O resultado das eleições legislativas coloca algumas das mais interessantes perguntas feitas não só à sociedade portuguesa em geral mas às próprias estruturas partidárias: que acordos são possíveis? É possível ter um acordo geral contra a austeridade? Contra a precariedade? Em defesa dos serviços públicos? A chave, como toda a gente já percebeu, é o Partido Socialista, que na resposta a estas perguntas definirá muito do que é o seu futuro, com dois cenários principais no horizonte: o PASOK grego ou o Labour britânico.
O voto popular não deu no passado domingo uma maioria absoluta ao governo Passos-Portas e também não deu uma maioria ao PS, colocando o país numa situação a que os principais partidos não estão habituados: o de não terem o poder absoluto. As expressões desesperadas dos comentadores mais conservadores são o sinal mais claro da inauguração de um novo capítulo na política portuguesa: o da possibilidade de um governo de esquerda. As reuniões do PS com o Partido Comunista, o elencar de medidas pelo Bloco de Esquerda para poder viabilizar um acordo e sustentar um governo liderado por António Costa são a materialização desta nova realidade.
O espectro europeu, entretanto, volta às campanhas nacionais, com Merkel, Juncker e Schauble a saudarem a vitória parcial da coligação Passos-Portas e com o presidente do Eurogrupo, Dijsselbloem a exigir que haja um Orçamento de Estado aprovado em Portugal até ao próximo dia 15 de Outubro. Sem pressão, portanto.
O hino à ignorância acerca de que como se forma um governo atravessa as fileiras, com o Presidente da República a tentar criar lei através de mensagens aos partidos, dizendo que a solução de governo implica a assumpção inequívoca dos tratados que mantêm o país na austeridade permanente – o Tratado Orçamental – e o futuro tratado comercial que promete crucificar o que sobra do trabalho e do ambiente – o Tratado Transatlântico TTIP. Embora divertidas, as condições enunciadas por Cavaco Silva estão fora das suas competências. Quem determina a formação do governo serão os 230 parlamentares eleitos que, dentro do Parlamento, viabilizarão ou não um novo governo. Esse acordo não depende de Cavaco.

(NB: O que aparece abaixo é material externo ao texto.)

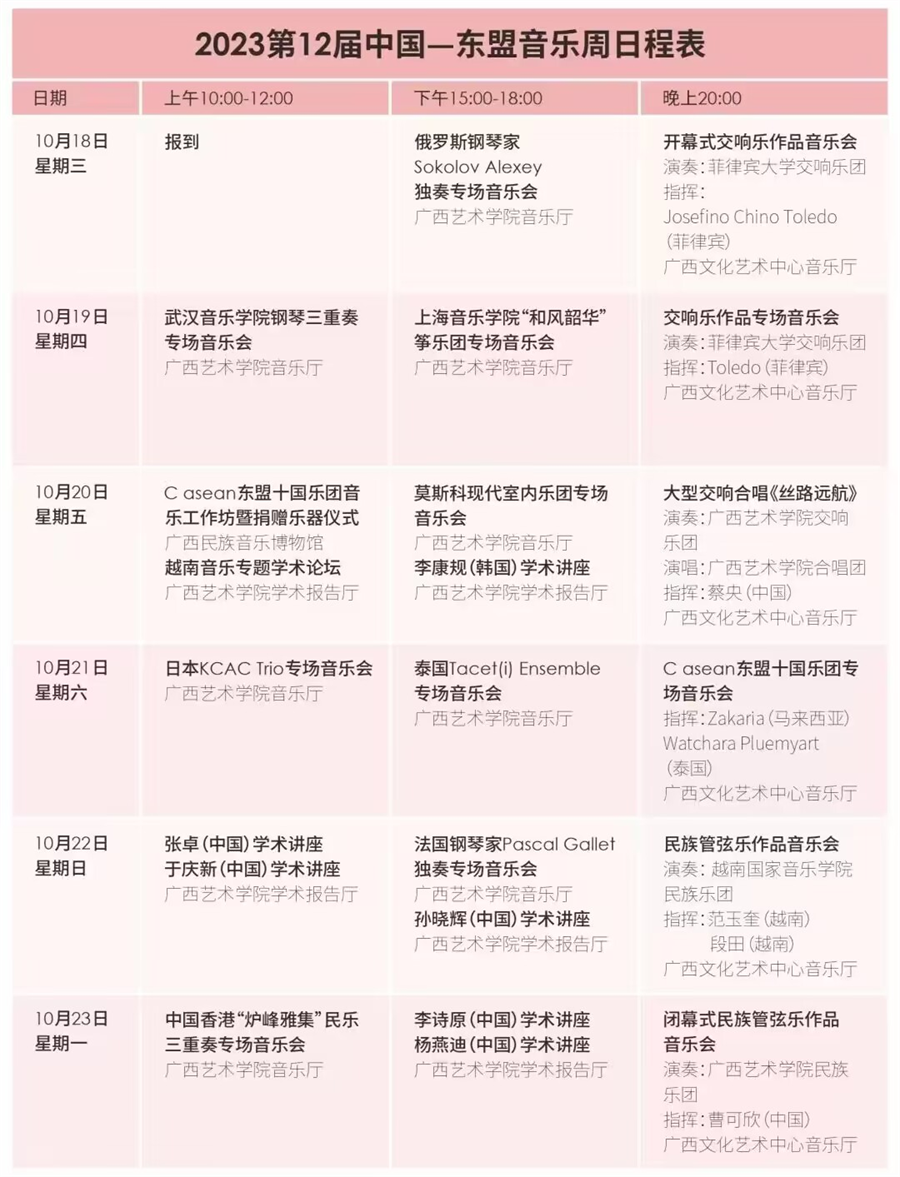 10月18日-10月23日,2023年第12届中国—东盟音乐周在广西南宁举行。人文教育学院艺术教育教研室在学校、学院领导的支持和带领下,由副院长李谦带队,组织音乐教师考察团分批前往音乐周现场进行学习考察。

O PS está numa posição central: a viabilização de um governo de direita promete enfraquecê-lo e transformar qualquer apelo futuro num voto alternativo no PS numa semi-impossibilidade – este é o rumo do PASOK, na Grécia, que hoje tem 5,2% dos votos coligado, quando em 2009 tinha 38,1%; a viabilização de uma solução à esquerda, incluindo ou não o BE e o PCP num governo ou contando apenas com o seu apoio parlamentar, poderia implicar uma viragem à esquerda. No Reino Unido, o Labour, após a derrota eleitoral este ano, elegeu Jeremy Corbyn para a liderança e está a galvanizar o partido britânico como não se assistia há muito. A solução pode ser ainda muito mais táctica e Costa pode estar simplesmente a usar as negociações à esquerda para pressionar a coligação a ceder em vários pontos.
No concreto, interessa destacar o que está a ser debatido no concreto: entre as questões centrais está o trabalho. Será possível um acordo e uma maioria parlamentar para combater a precariedade e o desemprego? As indicações da reunião com o PCP, assim como das reuniões com os Precários Inflexíveis antes das eleições, indicam que pode haver acordos acerca dos falsos recibos verdes, que afectam quase um milhão de pessoas, e acerca de outras vertentes da precariedade e do desemprego, como os contratos a prazo. Sendo esta uma realidade que afecta mais de 50% de toda a população activa, parece-nos ser uma base importante de acordo. Haja ou não governo, que exista uma maioria aparentemente disponível para garantir a defesa de tanta gente é histórico. Que seja um compromisso do PS, o PS de Vitalino Canas, o deputado das Empresas de Trabalho Temporário, e de Vieira da Silva, o ministro das flexibilizações, revela quanto um partido pode potencialmente mudar.